The system of claim 15, wherein the hash value in a record is calculated based at least on a payload in a predecessor record and a linkage function.
The system of claim 16, wherein the linkage function includes a cryptographic function.
The system of claim 15, wherein the audit database is stored with a third party escrow agent physically remote from said distributed network system.
The system of claim 15, wherein the devices include one or more control, sensor, edge, or peripheral computing devices physically separate in the distributed network system and in communication with data repository.
A method of auditing a stream of data records generated by a number of devices in a distributed network system comprising:
recording a content stream of data records output from said devices where each record has a payload segment including content from said devices and a metadata segment, where the metadata segment includes the hash value of a predecessor record in the stream;

recording a payload stripped stream of data records where each record has a metadata segment, where the metadata segment includes the hash value of a predecessor record in the stream;

determining the hash values of content stream data records, determining the hash values of the payload stripped stream data records and comparing the content stream hash values with the payload stripped stream hash values.

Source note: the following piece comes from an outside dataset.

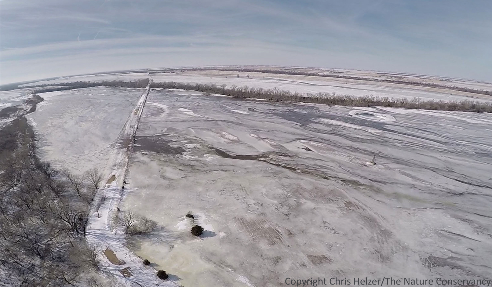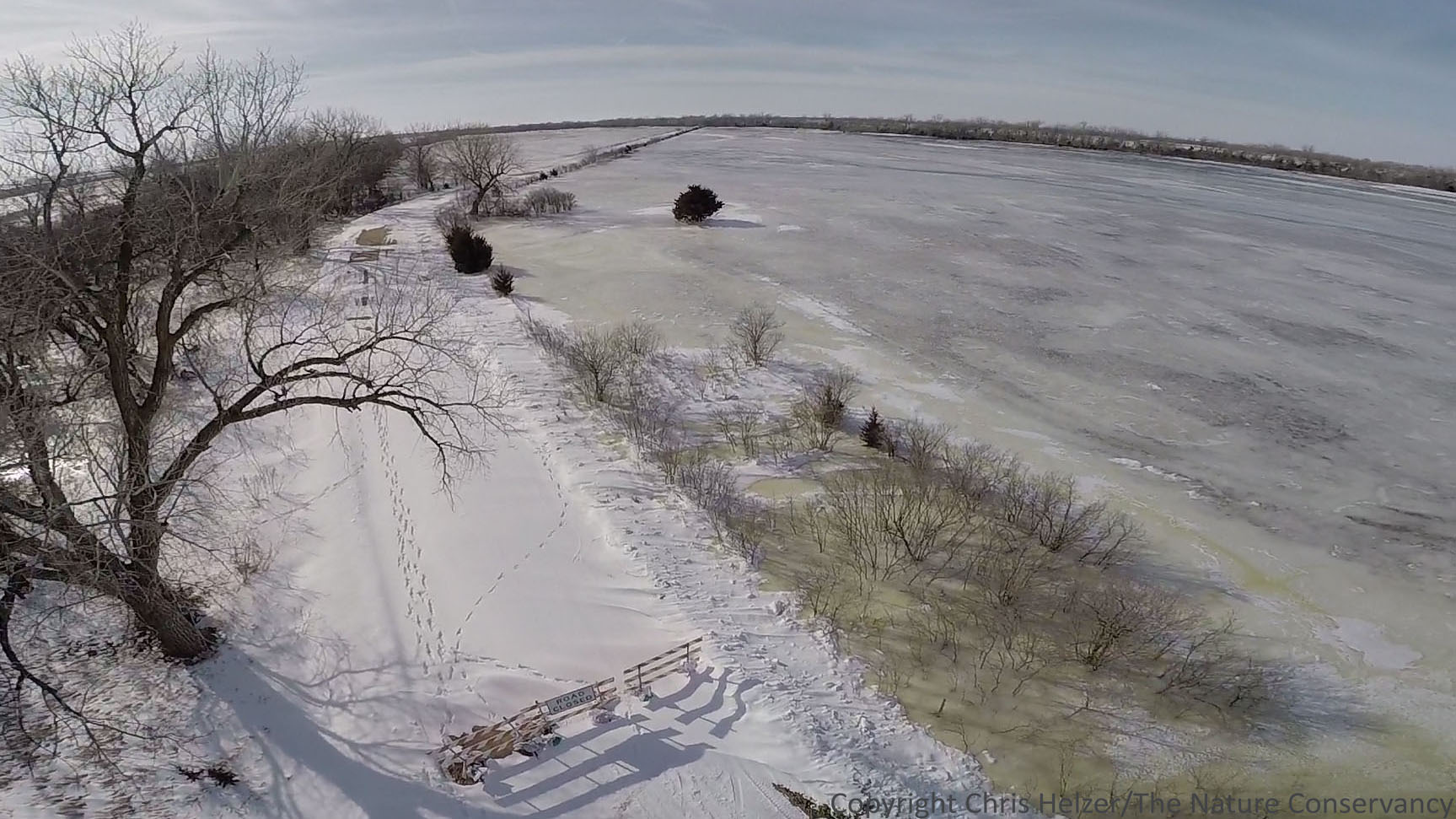As I mentioned last week, recent ice jams on the Platte River caused some flooding in some of our prairies. I was able to photograph the flooding from a couple perspectives. On February 5, we got some aerial footage with our drone, and then late last week, I walked through some of the flooded area after most of the water had receded.

The method of claim 20, wherein the content stream hash values are compared with the respective payload stripped stream hash values.
The method of claim 20, including establishing multiple subchains of the payload stripped stream using fork and join operands and determining a time wise correlation between two or more subchains.
The method of claim 20, wherein at least some of the data records are encrypted prior to recording.
The method of claim 20, wherein the hash value of a record is determined based at least on a payload in a predecessor record and a linkage function.
The method of claim 20, wherein the linkage function is a cryptographic function.
The method of claim 20, wherein the linkage function changes periodically.
The method of claim 26, wherein the periodic change in linkage function is based on a protocol known to the distributed network system and an escrow service.